Leaders are beginning to understand that long-term AI success depends less on the choice of model and more on the strength of the data foundation beneath it. The next phase of AI maturity will be shaped by how well organizations modernize their data platforms to support higher volumes, real-time insights, and greater transparency.
In 2026, five data infrastructure shifts will have a significant impact on which enterprises scale AI effectively and which ones remain stuck in pilot mode.
Early AI conversations focused heavily on GPUs, inference performance, and model architecture. As adoption accelerates, a new pressure point is becoming clear. The data layer is reaching its limits first.
Continuous AI workloads generate repeated embedding cycles, large vector indexes, multiple versions of the same data, and expanding volumes of metadata. Storage spending is increasing faster than compute spending for many organizations, particularly in retrieval-heavy and personalization workloads. These patterns highlight that existing architectures were not designed for always-on AI pipelines.
Organizations that invested early in unified lakehouse designs, lifecycle automation, and efficient tiering will enter 2026 in a stronger position. Others will need to prioritize data layer modernization to support AI at scale.
Agentic systems are emerging as a practical way to automate tasks such as case updates, triage, content generation, and workflow coordination. These systems reduce manual work and improve response times, but they also introduce new risks related to data quality and operational integrity.
In 2026, enterprises will begin to introduce a dedicated guardrails layer that governs how agents interact with data. This will include checks before an agent writes to a system, detailed logs of all automated actions, controlled environments for testing new behaviors, rate controls to prevent runaway loops, and data contracts that clearly define what an agent is allowed to do.
Organizations that implement this structure early will adopt agentic workflows responsibly and with confidence. Those that deploy agents without guardrails will face operational issues that slow progress.
AI systems achieve stronger results when they receive recent behavior, live events, and session-level context. As a result, the need for real-time data will continue to grow in 2026.

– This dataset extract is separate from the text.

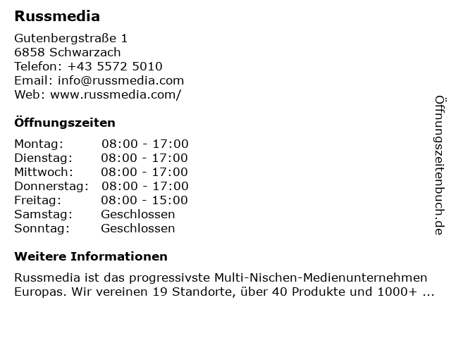 | Öffnungszeiten Russmedia in Schwarzach anzeigen | |
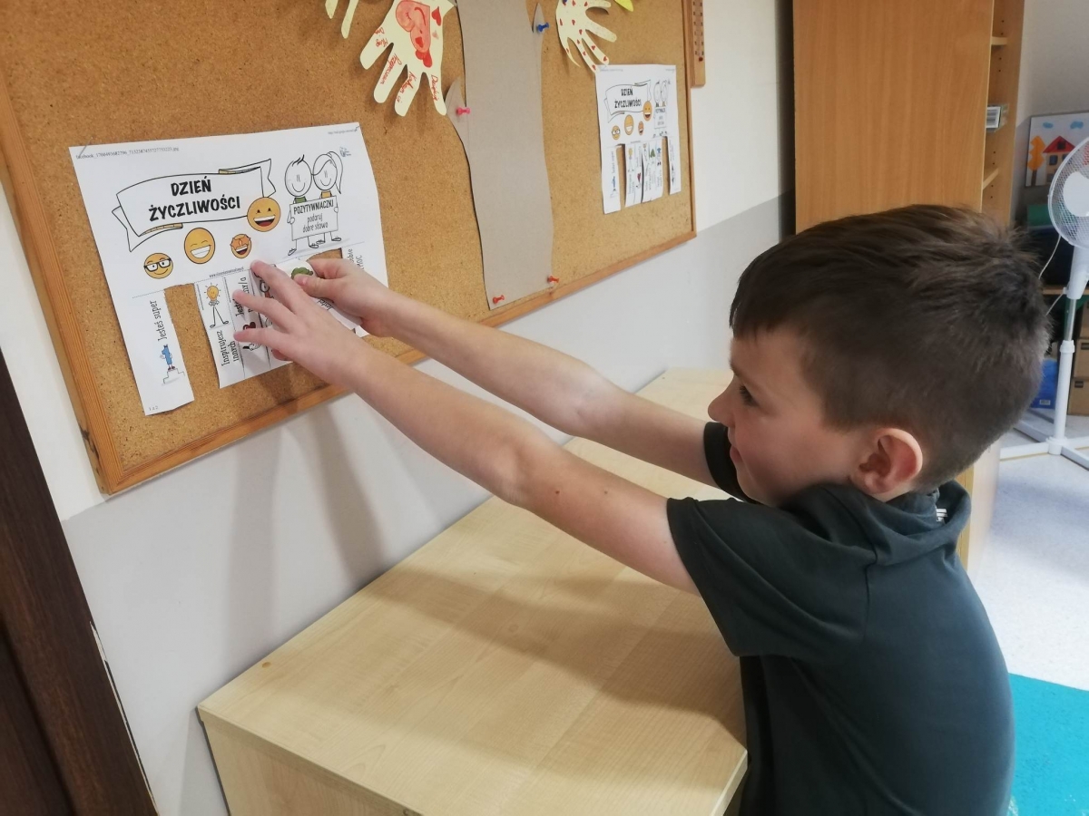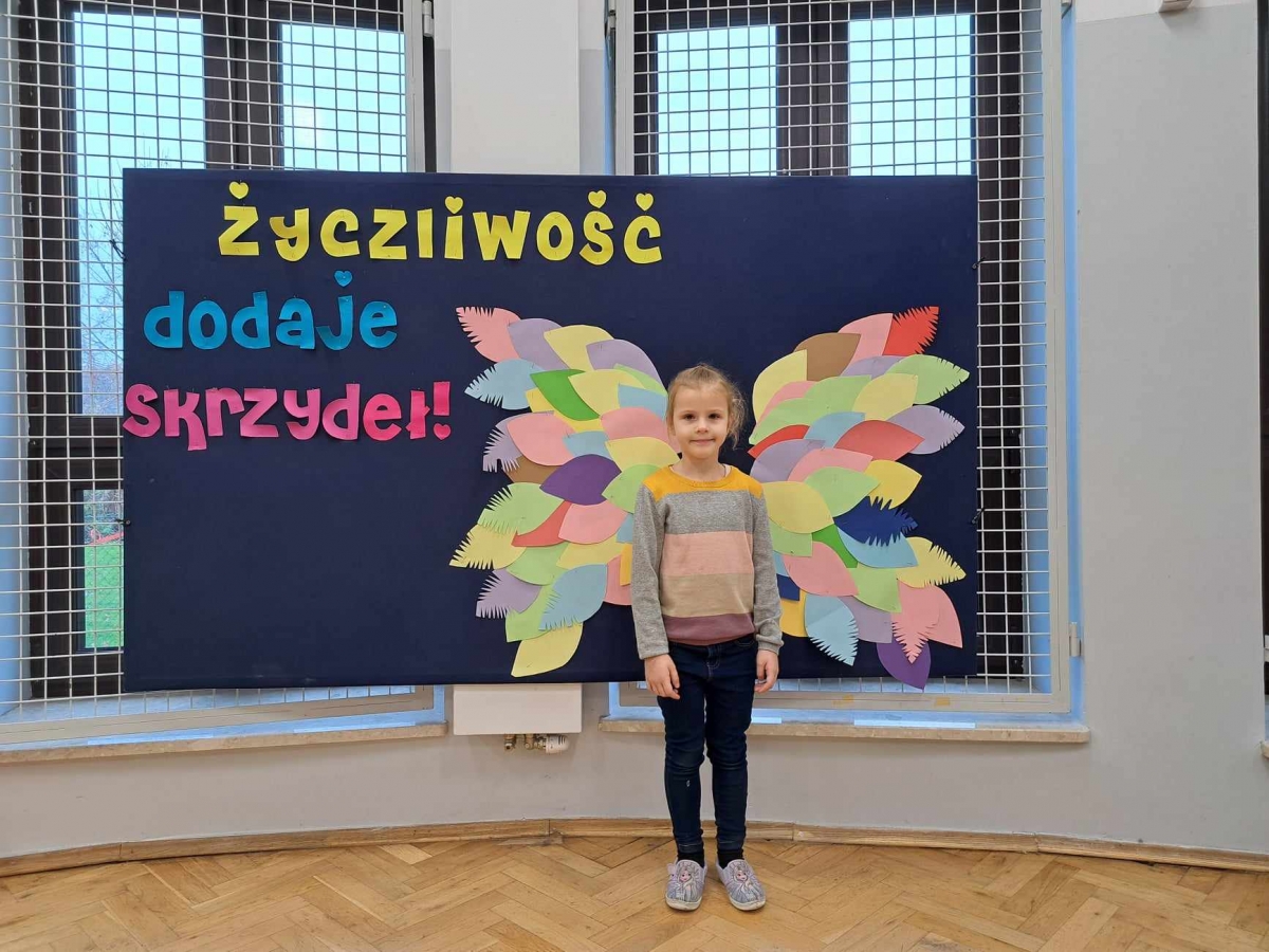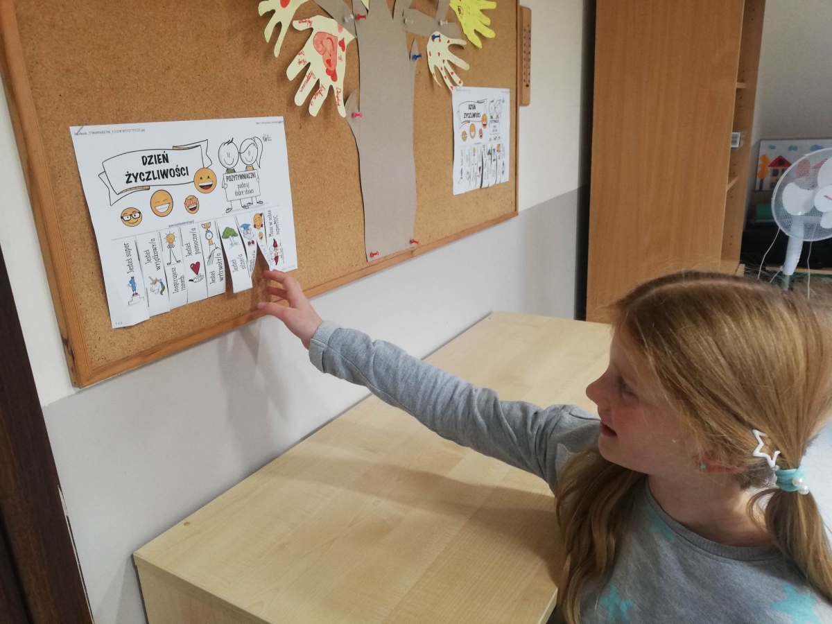 Na świetlicy uczniowie wykonali drzewo życzliwości, na którym pojawiły się nietypowe liście. Na każdym z nich pojawiło się mnóstwo życzliwych słów. Natomiast dzieci z oddziału przedszkolnego "Mądre sówki" odwiedziły innych uczniów i nauczycieli życząc im "Miłego dnia" i wręczały uśmiechnięte buźki. Każdy mógł również zrobić sobie zdjęcie przy skrzydłach życzliwości.

During 2025, many organizations observed that daily data refresh cycles were not sufficient for fraud detection, operational intelligence, or personalized digital experiences. In response, more teams are moving toward event-driven architecture and streaming pipelines that deliver fresh information directly into AI systems.
This shift will create wider adoption of continuous ingestion, closer connections between feature stores and streaming systems, and a reduced reliance on overnight batch jobs. Even partial modernization toward real-time data will lead to noticeable improvements in AI accuracy and responsiveness.
Executives, regulators, and internal risk teams are asking deeper questions about how AI systems operate. These questions focus on lineage, model inputs, data quality, access control, and the ability to review how decisions were made.
In 2026, governance will move from a manual review process to an integrated part of the data platform. Organizations will introduce automated lineage capture, consistent dataset and model documentation, versioning of training data and embeddings, policy-aware ETL pipelines, and comprehensive logs of how AI and agents interact with sensitive data.
Teams that embed governance directly into engineering workflows will scale AI programs more efficiently and with fewer audit challenges.
AI workloads drive significant energy consumption and storage growth. As reporting expectations evolve, organizations will begin measuring AI systems by efficiency as well as performance.
This will create new expectations around storage footprint per AI system, energy considerations for model training and inference, clear lifecycle policies for data and embeddings, and thoughtful workload placement in regions with cleaner energy profiles. Well-designed pipelines will reduce cost, support sustainability goals, and prepare enterprises for emerging reporting requirements.
Over time, efficiency will become a differentiator in how organizations deliver AI responsibly.
The year ahead will be an important moment in the evolution of enterprise AI. Organizations that succeed will be the ones that strengthen their data foundations and build platforms that support real-time intelligence, responsible automation, and transparent governance.
AI may begin with models, but it reaches its full potential only when the data ecosystem beneath it is ready. The enterprises that invest in these foundations today will be positioned to lead the next wave of intelligent systems in 2026 and beyond.

On November 18, 2025, the internet didn’t just blink; it froze.
A single bad configuration file deployed by Cloudflare effectively severed the nervous system of the modern web for four hours. While the headlines focused on websites going dark, the real panic was happening in the background: thousands of autonomous AI agents—the heralded “digital workforce” of 2025—suddenly went deaf and blind.
Without access to edge compute, the sophisticated AI infrastructures that companies had spent the year building simply vanished, leaving CIOs staring at blank dashboards, unable to diagnose whether their new intelligence layer was hallucinating or dead.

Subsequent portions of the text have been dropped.